Reviewed by Dennis Schwartz
The first in the successfully camp sci-fi series that led to four sequels and two television series, Planet of the Apes (1968), is taken from the satirical book Monkey Planet by Pierre Boulle and written for the screen by Rod Serling (creator of The Twilight Zone series on television) and Michael Wilson (blacklisted during the McCarthy reign of terror). It is directed by Franklin J. Schaffner (“Patton”/”Papillon”) with both touches of wit and dumbness as it reflects on the theory of evolution in an unorthodox way. It rails against those who blindly believe in the Bible, playing games with faith versus science arguments as it manages to deliver some strong sermons against prejudice and intolerance. The beautiful settings come by courtesy of the National Parks of Utah and Arizona.
The film opens as an American exploratory spaceship on a long space mission crash-lands on a distant planet some 2,000 years in the future and three astronauts come out of their deep hibernation to survive without significantly aging as they get caught in a time warp. The survivors Landon (Robert Gunner) and Dodge (Jeff Burton) are led by Colonel George Taylor (Charlton Heston), a sarcastic misanthrope who is happy to escape the human race and its steady diet of violence. He finds that the apes rule the planet and are the highest form of life, as their brand of civilization though without modern technology nevertheless is similar to the ones that humans have created–including the negatives of segregation whereby stereotypes are used to fill positions (an obvious racial reference to America’s difficulties with such matters). The ape rulers can talk, think, and reason as they hold court over a multilayered civilization. As a reverse from life on earth, the humans are not highly evolved and are still at a primitive animal stage of development, needing to be caged.
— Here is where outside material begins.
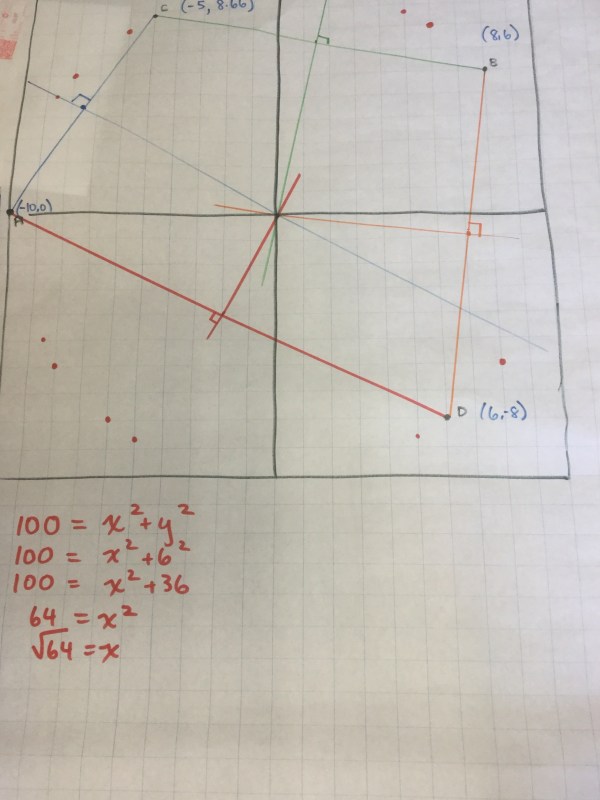 We looked at where to locate the sprinkler head if we wanted to water plants that are at A B C and D. We used the intersection of the perpendicular bisectors to find the point equidistant to all 4 points.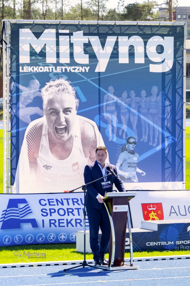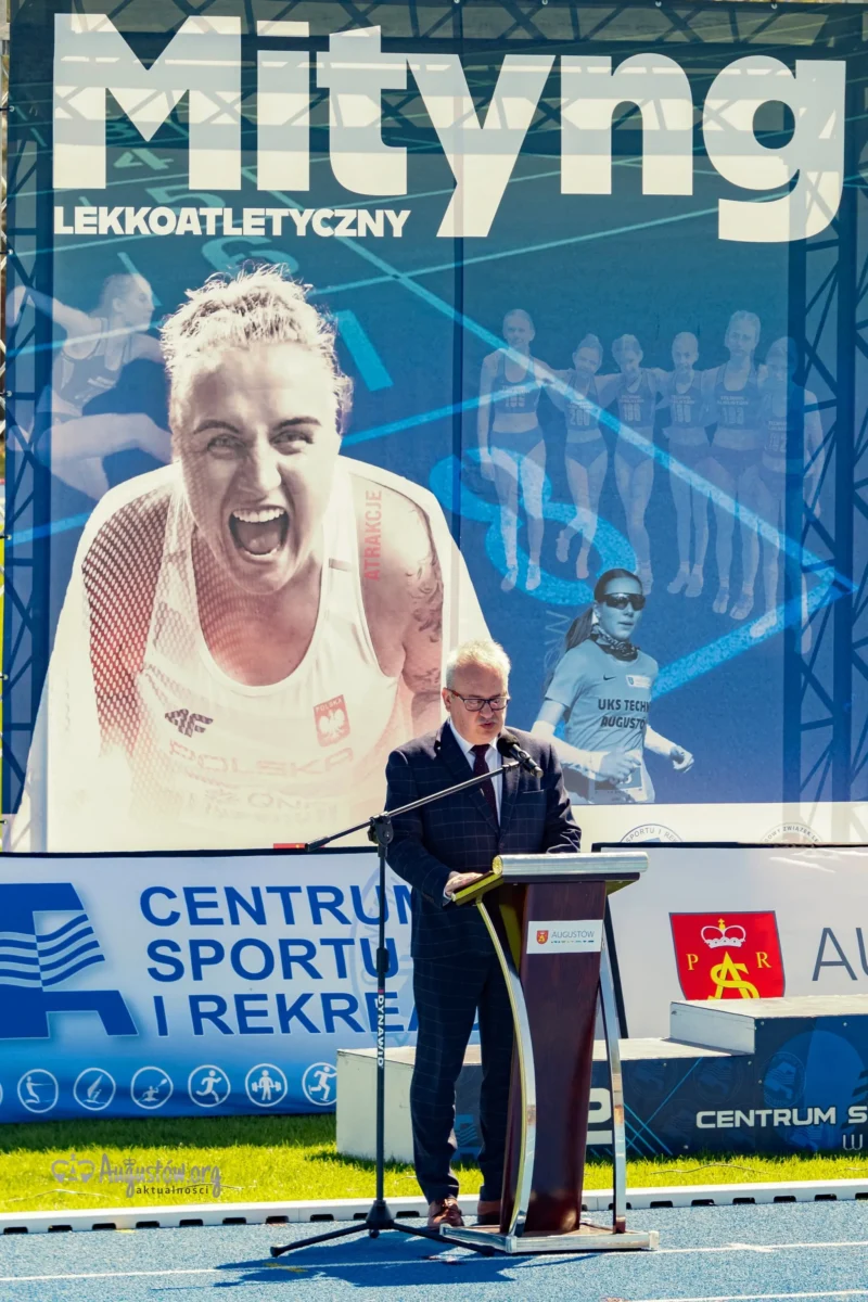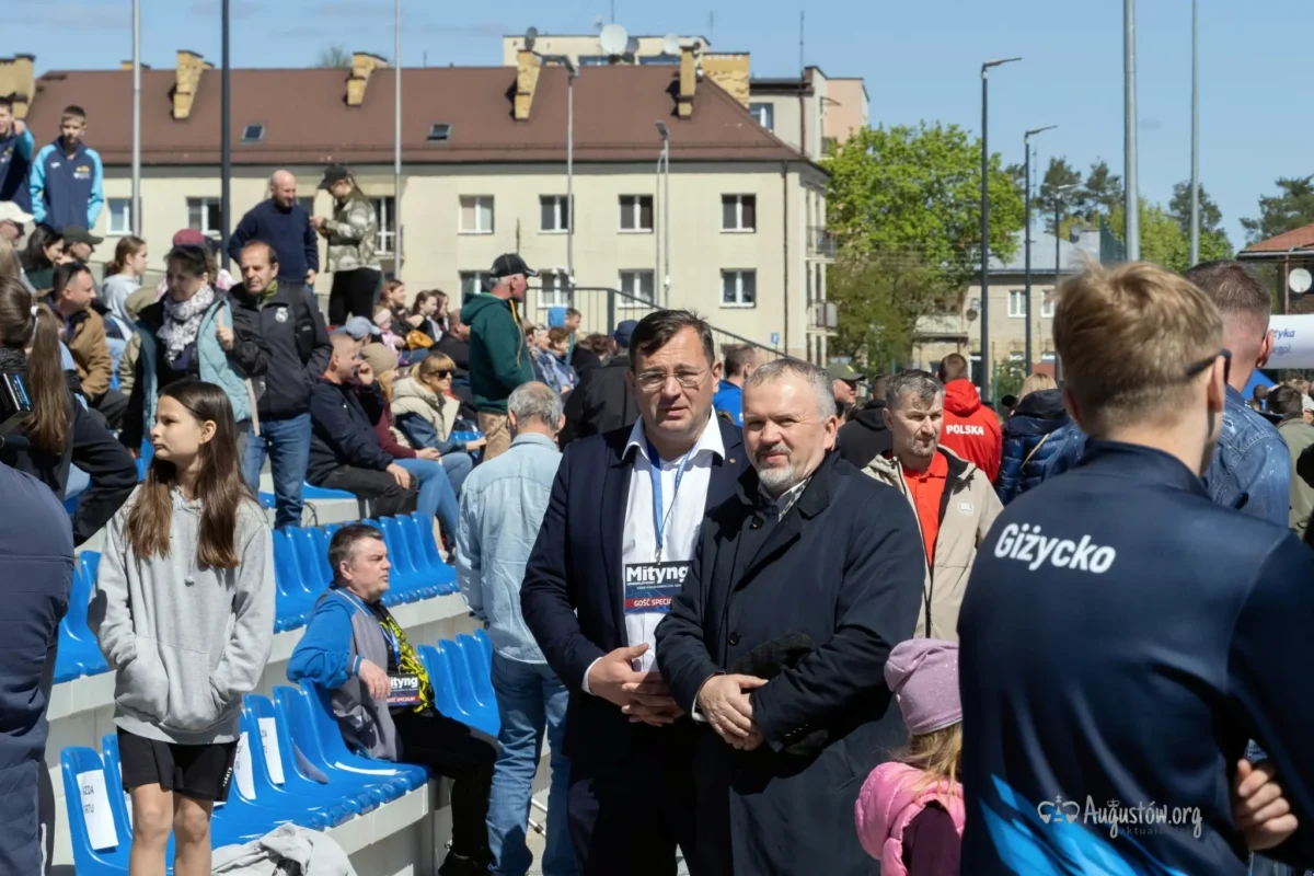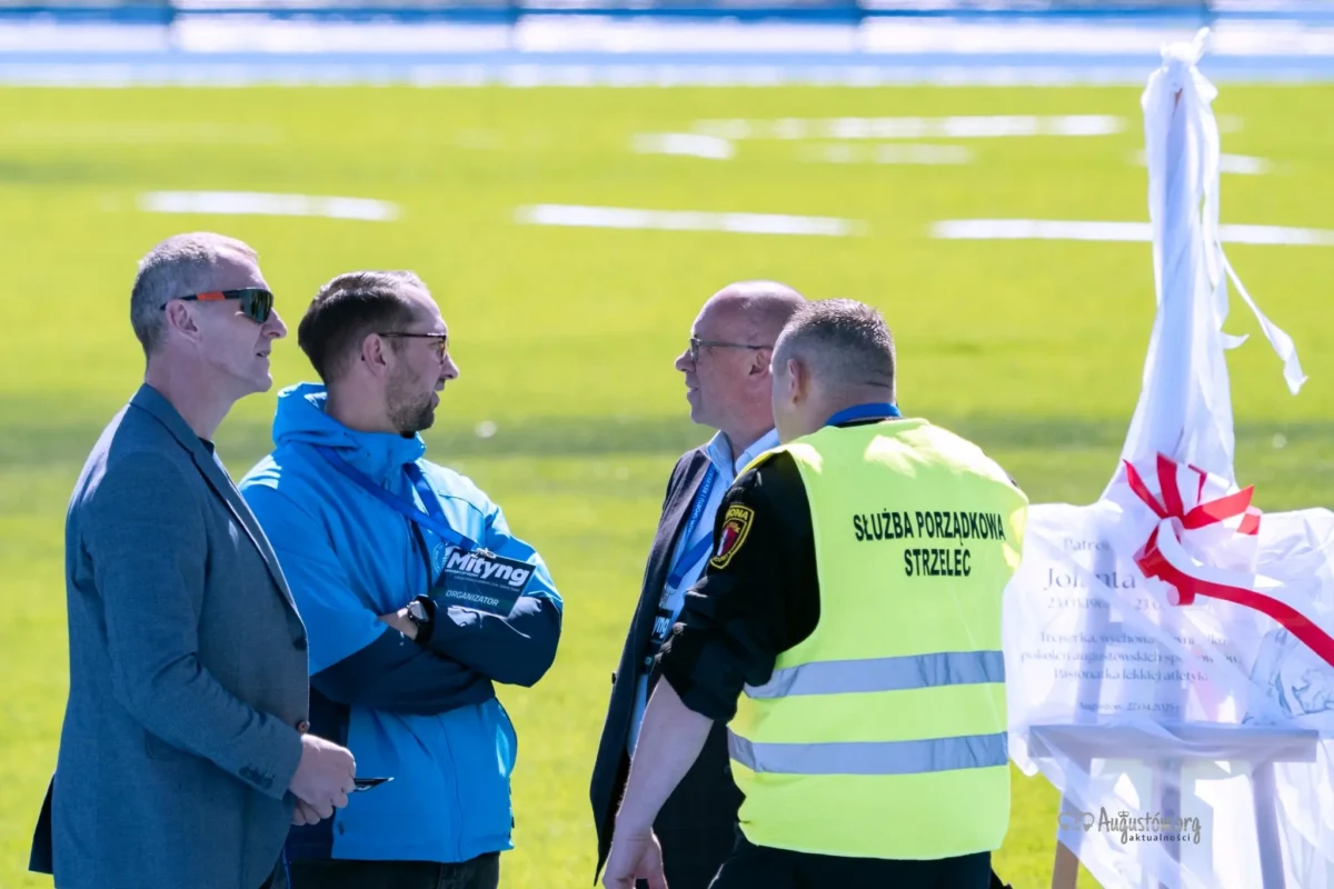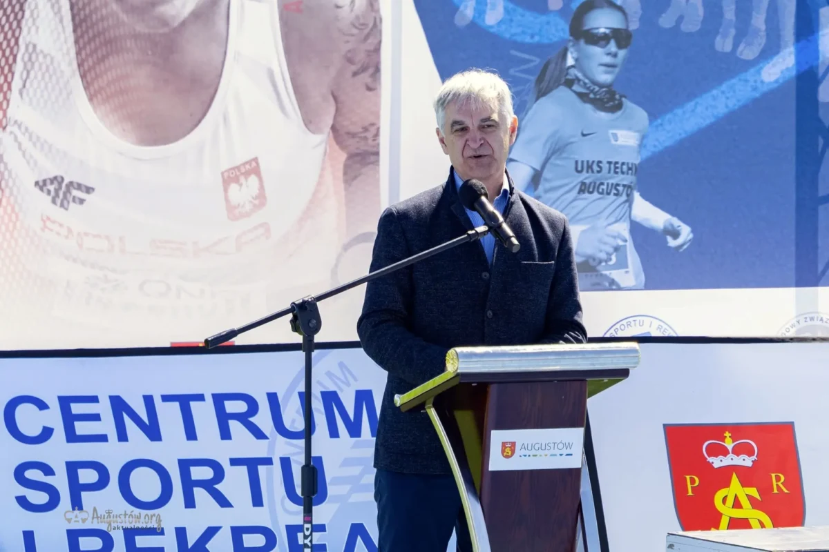 Zgromadzonych powitał burmistrz Augustowa Mirosław Karolczuk. W swoim wystąpieniu przybliżył historię działań, które doprowadziły do powstania nowego obiektu sportowego w Augustowie i podziękował wszystkim osobom, które wniosły swój wkład w pomyślną realizację projektu modernizacji stadionu.

The ape characters take over the story as we meet their leader Dr. Zaius (Maurice Evans), who is shocked when he finds Heston can intelligently talk and orders him sentenced to death because it goes against his beliefs and teachings that humans can act civilized. But Heston finds support with the sympathetic behavioral scientist Dr. Zira (Kim Hunter) and her fiancé, an archaeologist named Cornelius (Roddy McDowall). Heston’s first words after recovering from a throat injury incurred when he was shot when he tried to escape, are directed at Dr. Zira: “Get your stinkin’ paws off me, you damn dirty ape!” The scientists theorize that apes evolved from humans, and they think by studying Heston they may find the missing link. Accused of being heretics by their narrow-minded leader they risk death by continuing with their experiments to establish true knowledge, something that has been denied the general ape population in the name of law and order. Meanwhile Heston suffers the humiliation of being observed and studied in the lab by the apes. You can see where we are going here, as the human theories on earth are parodied and everything is topsy-turvy.
If you need to see any of the Apes’ films, this is the one to take in. It’s a grimly drawn post-apocalyptic fable with an overripe social commentary that lacks subtlety or nuance, but somehow needs to be said (though I wished it were said in a less ham-fisted way). But the acting is superb, the scenery is stunning, the ape makeup brilliant (John Chambers won an honorary Oscar for his inventive makeup), the sci-fi story itself is thought-provoking, and the startling ending of a rediscovered civilization is truly frightening. It is only the special effects that don’t make it because they are so cheesy. Some of the ideas explored might make you think again about your own life values and the dangers of nuclear weapons.